Rankle’s other series of works in the exhibition, Turner in Hastings,while clearly acknowledging his debt to the masters of the English Watercolour School, might at first sight appear to be wholly lyrical and celebratory in outlook. On closer inspection these storm wracked cliffs and ominously coloured seas seem to depict a vision of an elemental world imagined before, and by implication possibly after, the brief tenure of mankind in the context of the relentless evolution of the Earth. As the artist puts it ‘The flurry of Romanticism wherein we appreciated the sublime divinity of Nature remains as a shadow, hanging across the changing skies of these paintings like the grin of the Cheshire Cat – a fleeting moment destined to be as forgotten as our species itself’.

©Alan Rankle

Alan Rankle born in 1952 is an artist and curator whose work explores historical, social and environmental issues informed by his interest in the evolution of landscape art.
Since his first exhibition at the Institute of Contemporary Arts London in 1973 while still a student at Goldsmiths College, he has worked variously in painting, video, photography, printmaking, architectural intervention and curating, through a series of international exhibitions and commissions.
Retrospective surveys of his work have been presented at Gallery Oldham in 2006 and Fondazione Stelline, Milan in 2010.
Recent projects include curating the exhibition Axis: London Milano for Fabbrica del Vapore in Milan with Claudia De Grandi and a prize-winning immersive installation Riverside Suites at the Lowry Hotel, Manchester in collaboration with the designer Veronica Givone and AFK Architects.
His work was featured in the 2017 Southampton City Art Gallery exhibition and book, Capture the Castle showing landscape artists from Turner to the present day.
2018 saw the presentation of two major commissions Not Dark Yet for the Grand Hotel in Nuremberg and Prague Suite for Intercontinental in Prague in collaboration with Westmont and P78 Editions.

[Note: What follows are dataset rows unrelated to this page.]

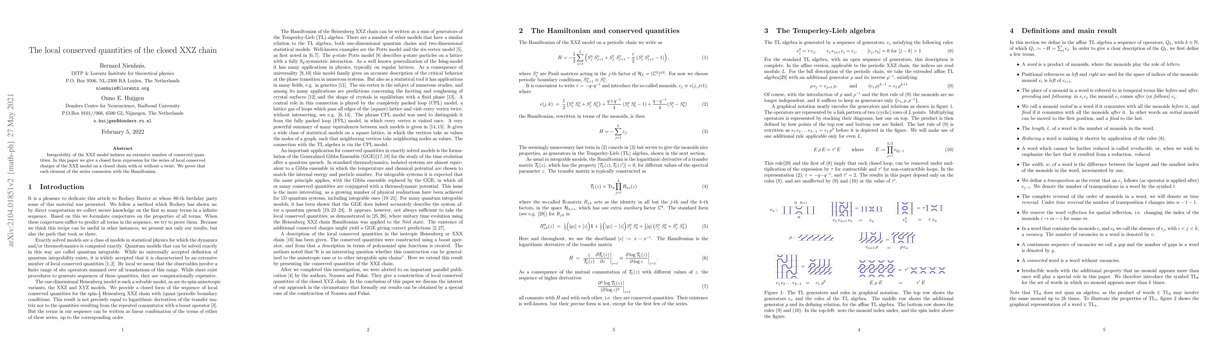This paper presents a closed-form expression for the series of local conserved charges in the XXZ model, demonstrating their commutation with the Hamiltonian and exploring their implications for the model's integrability.
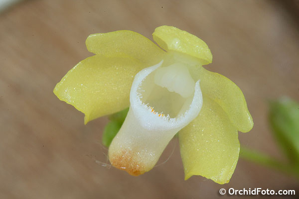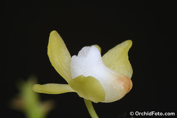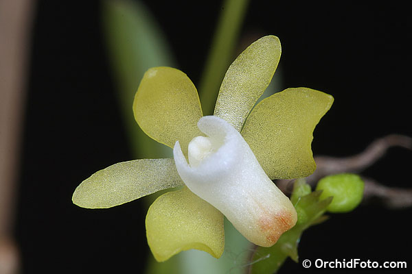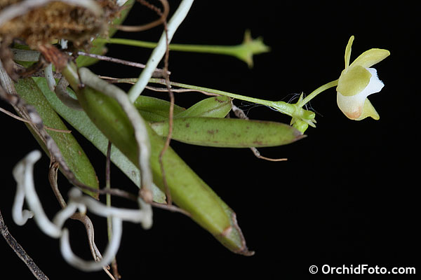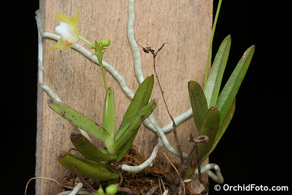 Found in Assam, Bhutan and the eastern Himalayas in forests at elevations around 500 meters as a mini-miniature sized, hot to warm growing epiphyte with 3 to7, subterete, distichous, equitant, jointed at the base, channeled on the upper surface, acute apically leaves that blooms in the late spring and summeron 2 to 4, erect, .72 to 5" [1.8 to 12.5 cm] long, usually longer than the leaves, axillary, arising from the lower nodes, raachis strict, slender, cylindric, swollen apically, condensed at the apex, successively several flowered inflorescence.
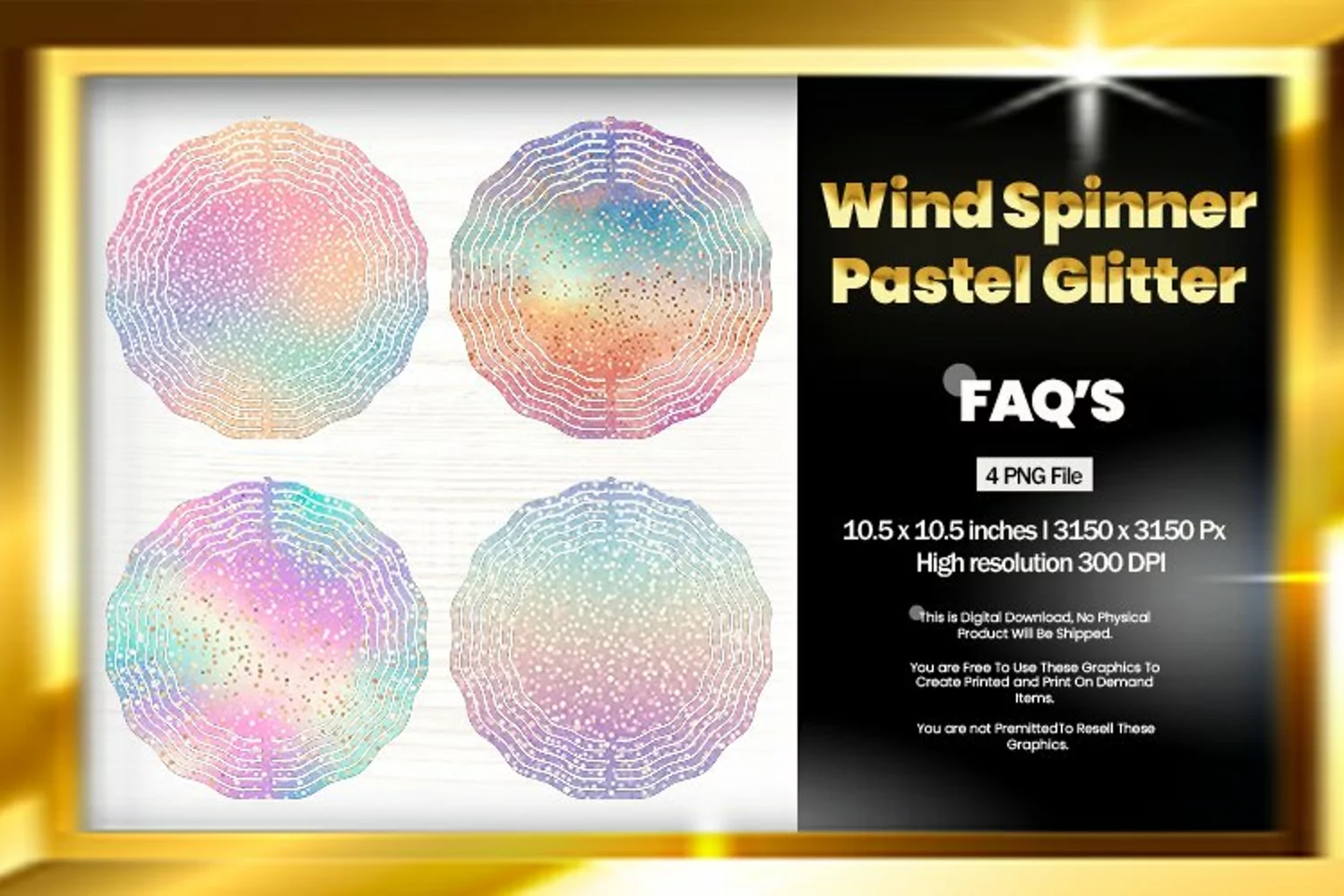 Pastel Glitter Wind Spinner Sublimation Design
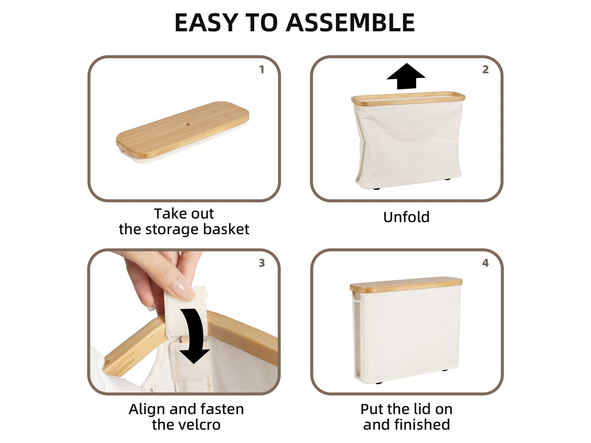 - Foldable for Space-Saving Storage: The toilet paper holder features a stable bamboo frame with thick cloth material, designed for compact storage and space-saving functionality. It is easy to assemble and comes with four bamboo support rods for stability and can be folded for storage when not in use.

In November 2019 a museum survey exhibition The Romantics opening at St. Barbe Museum & Art Gallery features a major large scale work by Alan Rankle alongside paintings by Julian Opie, George Shaw, Peter Archer, Graham Arnold, Jeffery Camp, David Inshaw, and Christopher Le Brun PRA, among others.

©Alan Rankle

Alan Rankle works are featured in museum, corporate and private collections worldwide including: Southampton City Art Gallery; Hastings Museum & Art Gallery; Gallery Oldham, Manchester; Bankside Museum, Halifax; The Atkinson Museum; Southport; Museé de Montsegur, France; Fondazione  Stelline, Milan; Collezione Vento, Milan; Blackburn Museum & Art Gallery; Stellar Art Foundation, London; Bain Capital, London; PriceWaterhouseCoopers’ London; Marriott Opera, Paris; Touchstones Rochdale Art Gallery & Museum; Novo Nordisk, Copenhagen; and The House of St. Barnabas Collection, London.

He is represented by Federico Rui Arte Contemporanea, Milan; Michaela Helfrich Galerie, Berlin; Maerz Contemporary, Molde; Dominic Weston Smith Art Management, London and P78 Editions, St. Leonards on Sea.